Cross-border investments and joint ventures succeed when governance, control, and exit terms are designed for real operations. Hiro Law advises investors, founders, and management teams on US-Mexico investment and JV structures that protect value, preserve relationships, and stay executable across both jurisdictions.
Key Services
- Term sheets and structure planning for investments and joint ventures
- Governance design, including decision rights, reserved matters, and information rights
- Deadlock prevention and resolution mechanisms designed for real operations
- Exit pathways and transfer terms, including drag/tag, ROFR/ROFO, and buy-sell mechanics as applicable
- Negotiation and drafting of core JV and investment documents and closing deliverables
- Tax, regulatory, and cross-border workstream coordination tied to the operating model
- Cross-border compliance diligence (FCPA and sanctions where relevant) and operating readiness planning
Selected Experience
- Advised a U.S. company led by Mexico-based management on a Series A financing, negotiating investor rights and company obligations to preserve operating flexibility, align incentives and control, and close on a timeline driven by cash flow needs.

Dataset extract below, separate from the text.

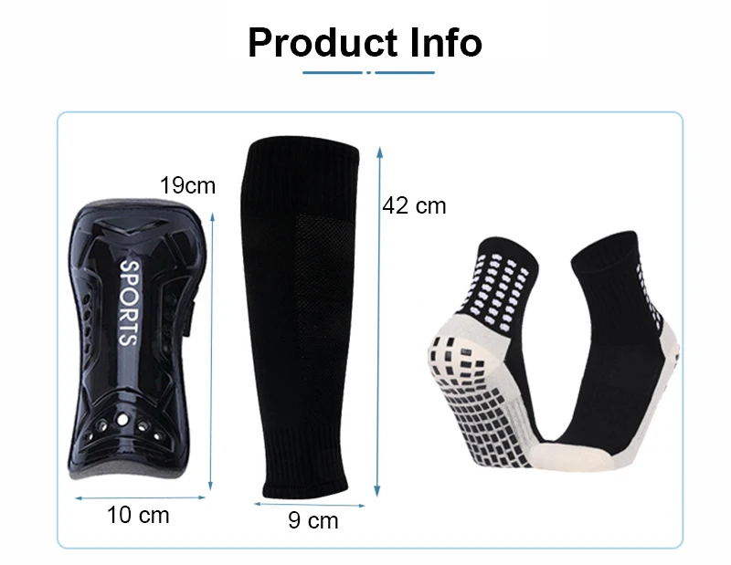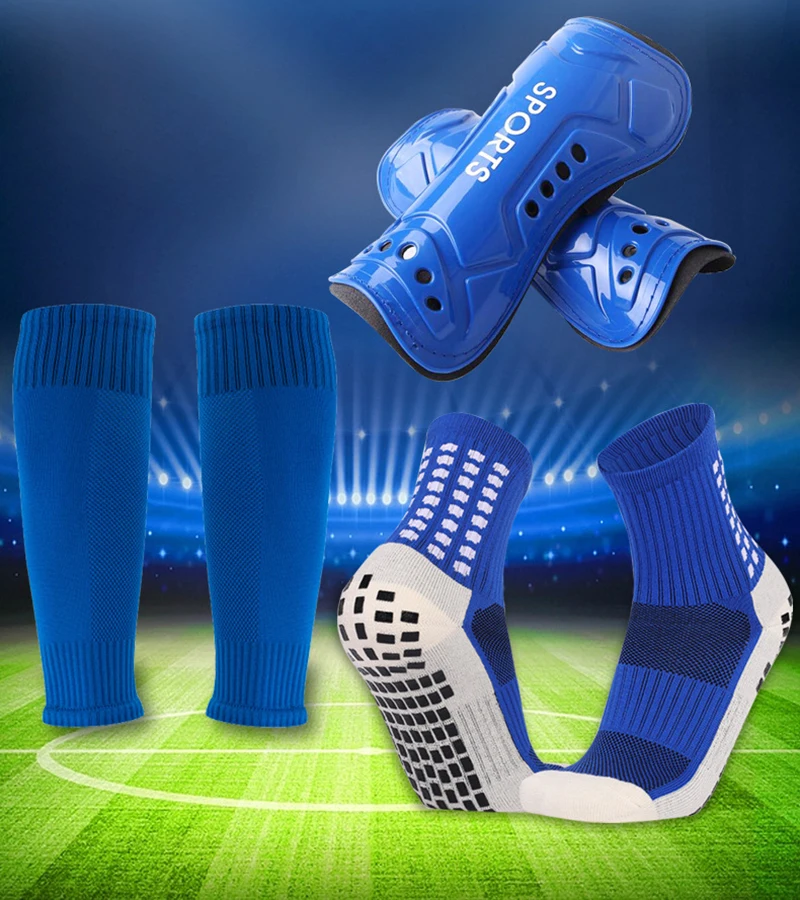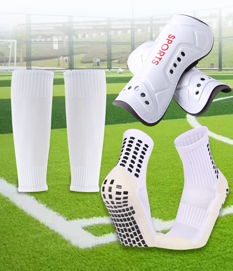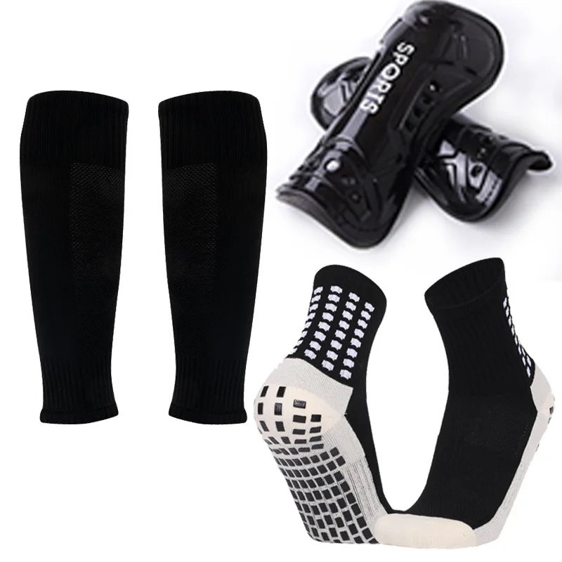 This content describes a 3-piece set including anti-slip grip socks and shin guards specifically designed for football and soccer players. These items are paired together to provide maximum protection and support during gameplay. The anti-slip grips socks help players maintain stability on the field, while the shin guards and sleeves offer protection against potential injuries. This set is ideal for athletes looking to enhance their performance and stay safe during matches.

- Represented a Mexico-based beverage company in a joint venture with a Texas partner, structuring IP and know-how protections and production terms to reduce post-closing disputes and support commercialization.
- Advised a California company on the acquisition of diagnostics testing labs, including rollover equity and employee incentive arrangements, and designed a governance framework that reduced operational friction and supported future financing.
- Advised a Mexico-based private equity sponsor in a joint venture with a Texas services company where the founder retained operational control, aligning investor protections and decision rights with a growth plan and coordinating cross-border tax workstreams.
- Advised a New York-based investor group on a Mexico real estate development investment, stabilizing stakeholder dynamics, structuring financeable terms, and drafting post-closing dispute mechanisms designed to remain actionable.